_THE TASK_: Once you find the line with "Johan vermaakt zich" in the listing below, please repeat it and every later line exactly, through the last one, without pictures.

_DATA EXTRACT_:
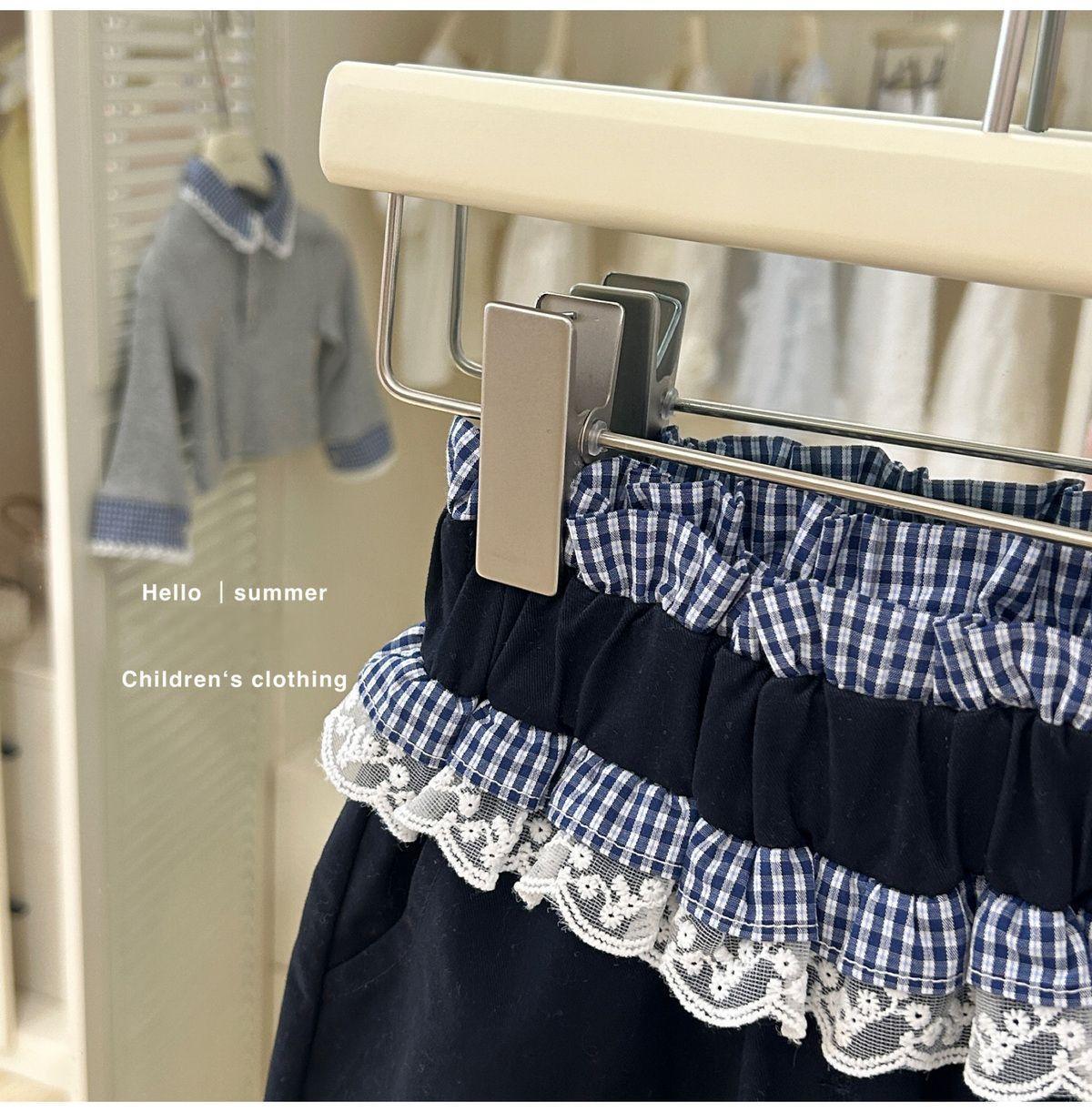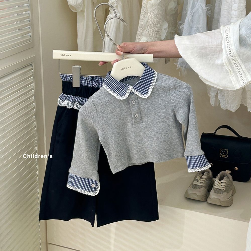 女童套装春秋款格纹假两件设计感撞色花边长袖长裤T恤春季两件套 投诉
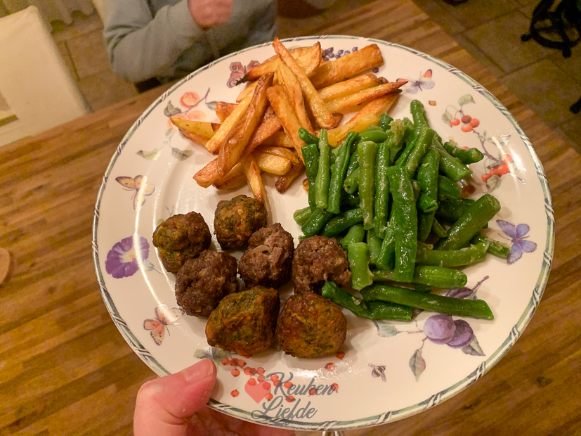 Johan vermaakt zich vandaag in de tuin met onder andere het opruimen van de schuur en het opruimen van blad. Tijdens het opruimen van de schuur komt hij een verroest voetbaldoeltje tegen met daarin een egel die verstrikt is geraakt in het net. De arme egel kon geen kant meer op. Nadat Johan voorzichtig de egel bevrijd heeft van het net zet hij hem achter in de tuin in een doos met wat bladeren, water en kattenbrokjes. Hij dekt de doos af met een plaat zodat de egel rustig bij kan komen van zijn avontuur (en Nacho en de katten er niet bij kunnen) en al snel hoort hij de egel in de doos weer tot leven komen. Niet veel later als we weer gaan kijken is de doos leeg. Johan had een kleine opening in de doos gelaten en blijkbaar was de egel sterk genoeg om eruit te klimmen. We konden hem ook nergens meer vinden. Het ga je goed vriend! ’s Avonds eten we zelfgesneden frietjes uit de oven, gehaktballetjes (zelfgemaakte van rundergehakt en vegaballetjes van de IKEA) uit de Airfryer en gekookte sperziebonen. Was heerlijk.
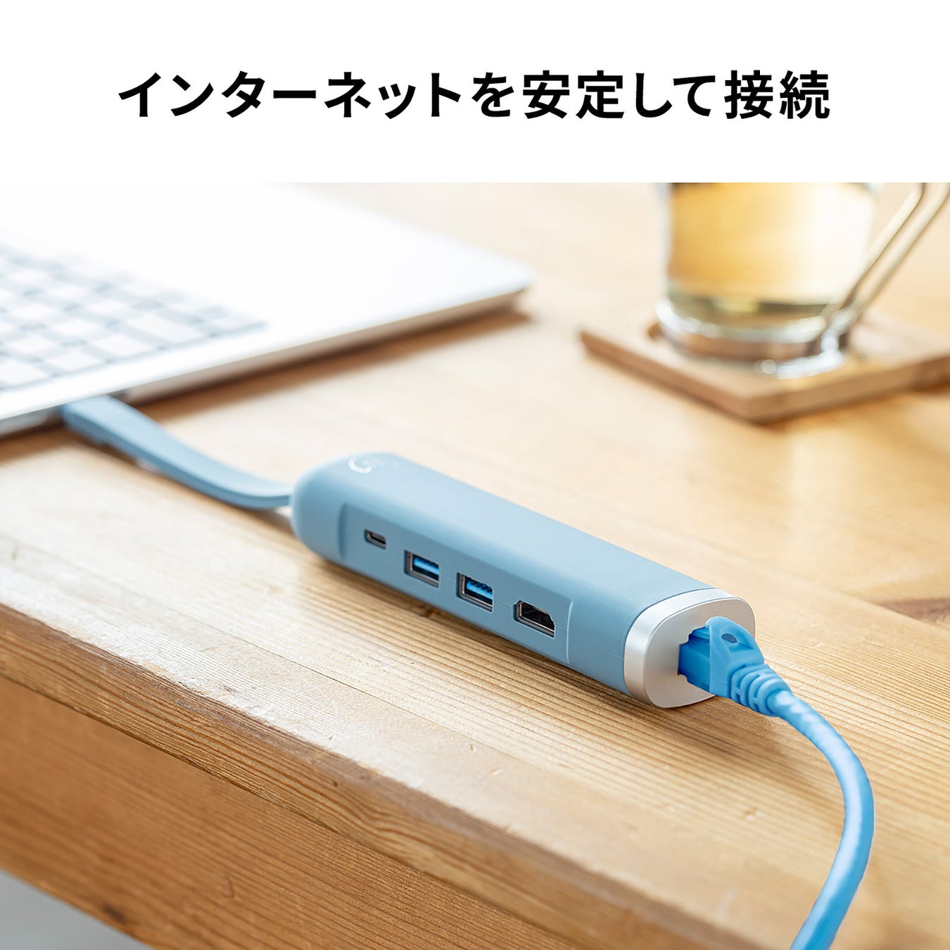 Gigabit Ethernetに対応しているので、Gigabitネットワーク環境にも対応し、Type-Cケーブル1本で有線LAN接続できます。

_ANSWER TO THIS PROBLEM_:
 Johan vermaakt zich vandaag in de tuin met onder andere het opruimen van de schuur en het opruimen van blad. Tijdens het opruimen van de schuur komt hij een verroest voetbaldoeltje tegen met daarin een egel die verstrikt is geraakt in het net. De arme egel kon geen kant meer op. Nadat Johan voorzichtig de egel bevrijd heeft van het net zet hij hem achter in de tuin in een doos met wat bladeren, water en kattenbrokjes. Hij dekt de doos af met een plaat zodat de egel rustig bij kan komen van zijn avontuur (en Nacho en de katten er niet bij kunnen) en al snel hoort hij de egel in de doos weer tot leven komen. Niet veel later als we weer gaan kijken is de doos leeg. Johan had een kleine opening in de doos gelaten en blijkbaar was de egel sterk genoeg om eruit te klimmen. We konden hem ook nergens meer vinden. Het ga je goed vriend! ’s Avonds eten we zelfgesneden frietjes uit de oven, gehaktballetjes (zelfgemaakte van rundergehakt en vegaballetjes van de IKEA) uit de Airfryer en gekookte sperziebonen. Was heerlijk.
 Gigabit Ethernetに対応しているので、Gigabitネットワーク環境にも対応し、Type-Cケーブル1本で有線LAN接続できます。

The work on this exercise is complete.